问题
R FAQ states that:
The only numbers that can be represented exactly in R’s numeric type are integers and fractions whose denominator is a power of 2. All other numbers are internally rounded to (typically) 53 binary digits accuracy.
R uses IEEE 754 double-precision floating-point numbers which is
- 1 bit for sign
- 11 bits for exponent
- 52 bits for mantissa (or significand)
which sums up to 64-bits.
For the numeric number 0.1, R represents
sprintf("%.60f", 0.1)
[1] "0.100000000000000005551115123125782702118158340454101562500000"

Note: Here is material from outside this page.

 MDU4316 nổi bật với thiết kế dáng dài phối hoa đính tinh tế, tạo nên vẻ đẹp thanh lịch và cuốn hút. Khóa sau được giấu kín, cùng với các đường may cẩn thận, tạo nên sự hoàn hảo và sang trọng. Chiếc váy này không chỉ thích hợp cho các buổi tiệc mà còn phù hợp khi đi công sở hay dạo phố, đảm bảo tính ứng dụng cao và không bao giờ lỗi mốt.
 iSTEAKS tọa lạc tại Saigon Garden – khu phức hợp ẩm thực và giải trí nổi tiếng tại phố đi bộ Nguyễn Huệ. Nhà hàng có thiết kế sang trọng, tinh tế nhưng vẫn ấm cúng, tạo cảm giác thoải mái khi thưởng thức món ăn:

Double (IEEE754 Double precision 64-bit) gives us this binary representation for 0.1 :
00111111 10111001 10011001 10011001 10011001 10011001 10011001 10011010
How we can get this representation in R and how does it relate to the output given by sprintf in our example?
回答1:
The answer to the question raised by @chux in the comments is "yes"; R supports the %a format:
sprintf("%a", 0.1)
#> [1] "0x1.999999999999ap-4"
If you want to access the underlying bit pattern, you will have to reinterpret the double as a 64bit integer. For this task one can use C++ via Rcpp:
Rcpp::cppFunction('void print_hex(double x) {
uint64_t y;
static_assert(sizeof x == sizeof y, "Size does not match!");
std::memcpy(&y, &x, sizeof y);
Rcpp::Rcout << std::hex << y << std::endl;
}', plugins = "cpp11", includes = "#include <cstdint>")
print_hex(0.1)
#> 3fb999999999999a
This hexadecimal representation is identical to your binary representation. How does one get to the decimal representation?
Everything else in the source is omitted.